What specific strategies can Sri Lanka adopt to attract high-spending tourists rather than focusing on visitor volume alone?

The question of whether we should only prioritise high-end tourism is an important one. While it may seem beneficial, attracting high-end tourists isn’t simply about inviting wealthy individuals. It requires an overall uplift in the value proposition and facilities.

While promoting high-end tourism is apt, we must acknowledge the difficulty of transitioning from attracting low-end tours, a common pattern in many Asian nations, directly to high-end tourism. This requires structural changes and not just changes in infrastructure and transport facilities, as well as a shift in the attitude of service providers to ensure high quality across the entire journey.

However, we should not focus solely on the highest-end segment, as this may overlook the middle-income tourist, a strong segment in the present context. Middle-income tourists look for value for money, are largely discerning customers, and are concerned with culture and nature, with a considerably high spending power.

Middle-income travellers usually come as families or in groups, and while they appreciate quality, their requirements could be generally less demanding than the highest end. Therefore, we should focus on a transformational movement from low-income to middle-income and eventually to high-income, while promoting all three segments at the same time.

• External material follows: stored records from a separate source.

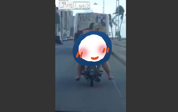 25日在影音平台LiveLeak上有一部影片受到網友討論,內容是巴西一名身穿比基尼的金髮豐腴女子坐在摩托車後座的畫面。不少人認為,這個女子穿著比基尼坐在機車上的畫面相當驚人,但更危險的是不僅沒但安全帽,腳下也沒穿任何鞋子。
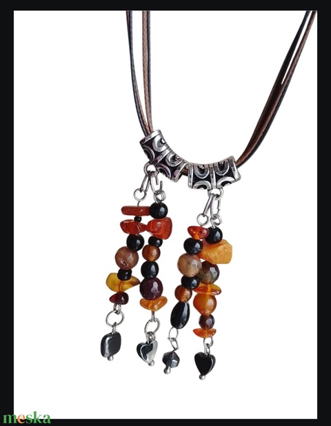 Borostyán, hematit, üveg és achát gyöngyökből készült nyaklánc
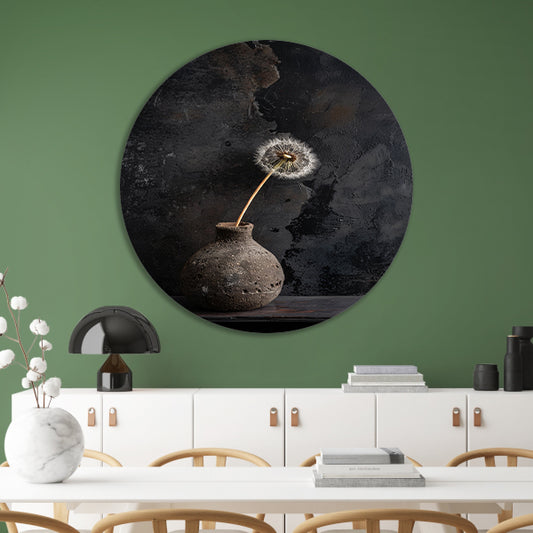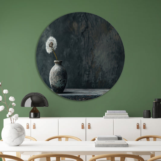 Eenzame paardenbloem in antieke vaas aluminium muurcirkel
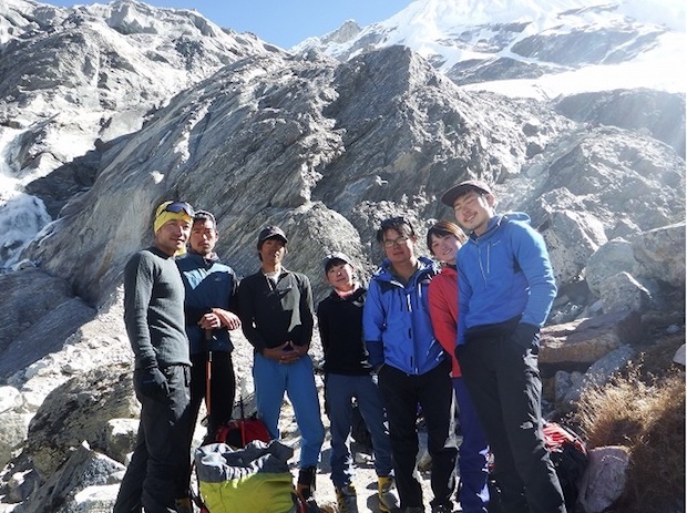 ヒマラヤの未踏峰ロールワリンカンの初登頂に成功したヒマラヤキャンプのメンバーたち。左端が隊長の花谷泰広さん。写真提供:花谷泰広・ヒマラヤキャンプ事務局

Given regional competition from destinations like Thailand and Vietnam, what strategies could help Sri Lanka better compete for premium markets?

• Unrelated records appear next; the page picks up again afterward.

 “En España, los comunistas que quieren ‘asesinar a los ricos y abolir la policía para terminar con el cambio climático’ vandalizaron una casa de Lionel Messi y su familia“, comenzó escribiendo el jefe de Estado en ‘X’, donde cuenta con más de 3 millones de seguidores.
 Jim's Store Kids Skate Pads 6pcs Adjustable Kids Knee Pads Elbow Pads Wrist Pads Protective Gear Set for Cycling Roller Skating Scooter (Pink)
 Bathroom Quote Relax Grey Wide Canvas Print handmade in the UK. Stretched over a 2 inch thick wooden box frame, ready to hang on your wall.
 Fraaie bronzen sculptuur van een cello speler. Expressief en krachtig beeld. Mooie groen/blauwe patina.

Tourists visiting the Maldives for high-end beach holidays often look for additional experiences, such as wildlife or cultural diversity, which the Maldives does not offer. This is a strategic opportunity for Sri Lanka, where we can focus on attracting the Maldives’ visitors to stay in Sri Lanka for at least one or two days. This strategy could increase the utilisation rate of Colombo City for tourism and better utilise resources in other areas currently underutilised.

The competition with Thailand and Vietnam is more direct, since both offer similar services to Sri Lanka, including a large Buddhist cultural presence and comparable facilities. However, it is problematic if our hotel prices are expensive and transportation fares are uncompetitive, making Thailand and Vietnam more attractive.

We must clearly define our comparative and competitive advantages. A comparative advantage means producing a tourism product better than that of competitors. A competitive advantage means competing effectively by offering a high-quality product at a low cost.

To achieve lower prices, we must ensure low operational costs. This requires reducing unnecessary tax burdens and providing targeted tax incentives and subsidies for investment, particularly for local investors.

Currently, many Sri Lankan investors are reportedly investing their capital in the tourism sectors of Thailand, Vietnam, Indonesia, and the Maldives, indicating that running businesses in Sri Lanka is perceived as highly expensive, a factor that has led to Sri Lanka being labelled an expensive destination.

Our pricing strategies should shift towards value-based pricing rather than cost-plus pricing. This means determining customer willingness to pay and then creating bundled, unique experiences that justify a premium price. Simplifying regulations for both tourist arrivals and investment is also essential.

Finally, aviation strategy must be addressed, as high aviation costs act as a major barrier. The cost of non-essential items and services at the airport is sometimes inflated due to high airport taxes levied on businesses. This is unsustainable for non-essential goods.

If our prices are too high for homogeneous products that competitors offer, tourists will find cheaper substitute destinations. Therefore, if we must charge higher prices, it should be for an exclusive tourism experience or a unique, high-value product.